Florida Gov. Charlie Crist has a bill on his desk that promises to clarify the state’s regulation of the surplus lines insurance business.
The Florida Senate on May 1 joined in the House in passing the measure lobbied for by the industry.
The measure restores the industry’s traditional exemption from state regulation of its forms and policies, an exemption that was undermined by two court rulings last year. The restoration of the regulatory exemption is retroactive to surplus insurance business written on or after Oct. 1, 1988.
The court rulings had raised the possibility that surplus lines carriers’ policies and forms would have to be approved by the state before use, a requirement this industry does not face in any other state.
The bill (CS/HB 853) also adds consumer protections and customer disclosure requirements that were urged by trial lawyers. These requirements go into effect Oct. 1, 2009.
The Florida Surplus Lines Association has been working with surplus lines, Lloyd’s and other property/casualty lobbyists in Tallahassee for weeks to convince lawmakers that the measure is essential for maintaining markets for hard-to-place insurance risks.
The trial bar lobby sought and achieved several amendments, including one assuring that attorneys’ fees must be incorporated into any court award against a surplus lines insurer.
For the most part, the legislation appears to accomplish what surplus lines professionals believe they need to maintain a healthy marketplace for surplus lines insurance.
“Passage of this legislation is also a victory by insurers and the state’s business community over the trial bar, who saw the court decisions as an invitation to endless litigation against surplus lines insurers whose policies suddenly were required to meet requirements that had previously applied only to admitted insurers,”
said Cecil Pearce, American Insurance Association vice president of state affairs.
The new disclosure provisions include requiring surplus lines insurers to print on the policy a notice if it contains a separate deductible or a co-pay provision for hurricane or wind losses, which may result in high out-of-pocket expenses to the insured, as well as a notice stating that surplus lines insurers’ policy rates and forms are not approved by any Florida regulatory agency. Other added provisions specify the payment types for surplus premium and claims and establish time frames for certain disclosures by insurers to claimants regarding liability claims.

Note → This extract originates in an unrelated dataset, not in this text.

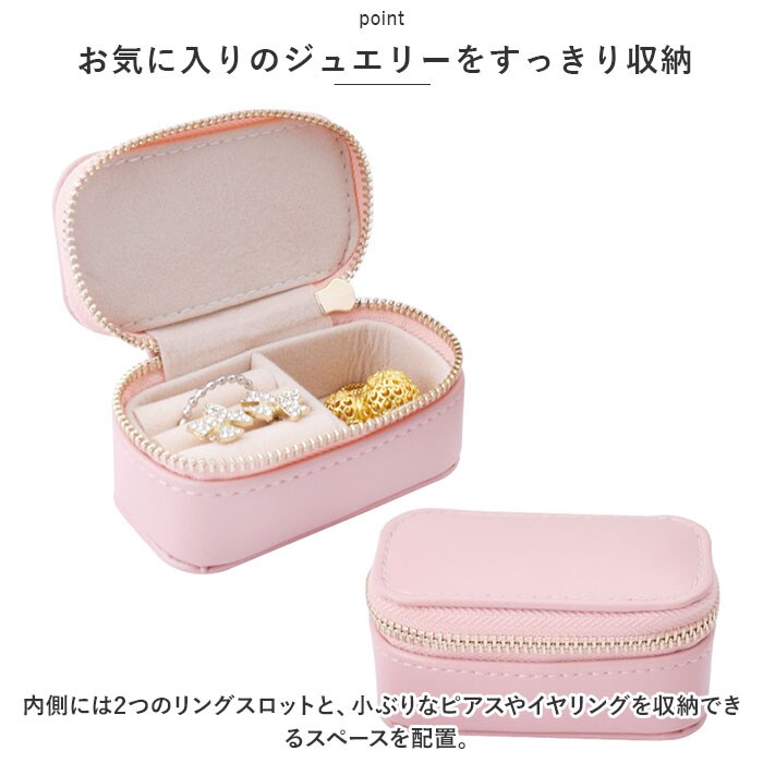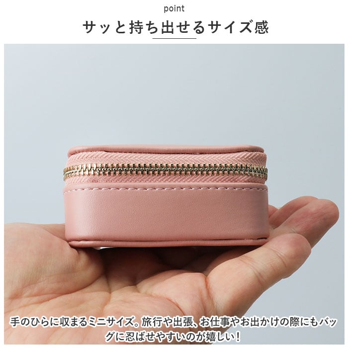 | 商品説明 | 持ち運びに便利!コンパクトなアクセサリーケースが新登場。【上品なデザイン】柔らかく滑らかな手触りのPU素材を使い、落ち着きのある雰囲気に仕上げたアクセサリーケース。シンプルで年代問わず使いやすいのがポイント。【ラウンドファスナー開口】開口部はぐるっと180度オープン!中身が見やすく、取り出しもラクラク。【お気に入りのジュエリーをすっきり収納】内側には2つのリングスロットと、小ぶりなピアスやイヤリングを収納できるスペースを配置。【傷付きを防止】柔らかな素材の内張り仕様。大切なアクセサリーを傷や衝撃からガード◎【サッと持ち出せるサイズ感】手のひらに収まるミニサイズ。旅行や出張、お仕事やお出かけの際にもバッグに忍ばせやすいのが嬉しい!【撥水性をプラス】表面に汚れや水をはじく撥水加工済み。お手入れも拭き取るだけ。(※完全防水ではありません。濡れた場合はすぐに拭き取ってください。)【選べるカラー】優しい色合いで気品のあるバリエーション。お好みに合わせてチョイスして♪ |

The legislation addresses the regulatory exemption by clarifying that the regulatory provisions of state insurance law in chapter 627 do not apply to surplus lines insurance unless a statutory section specifically states it applies to such insurers.
The bill applies retroactively to Oct.1, 1988 because that is the effective date of the original law adding the surplus lines exemption to the statute.
Surplus lines insurers write policies for unusual situations that include hazardous materials transporters, commercial trucking enterprises, day care centers, older homes located in coastal areas, professional athletes, hospitals, expensive boats and cars, and medical malpractice. In order to place business with a surplus lines insurer, a surplus lines agent must make a “diligent effort” to place the policy with a Florida-authorized insurer, which is shown by having three written rejections of coverage from authorized insurers currently writing the type of insurance being sought.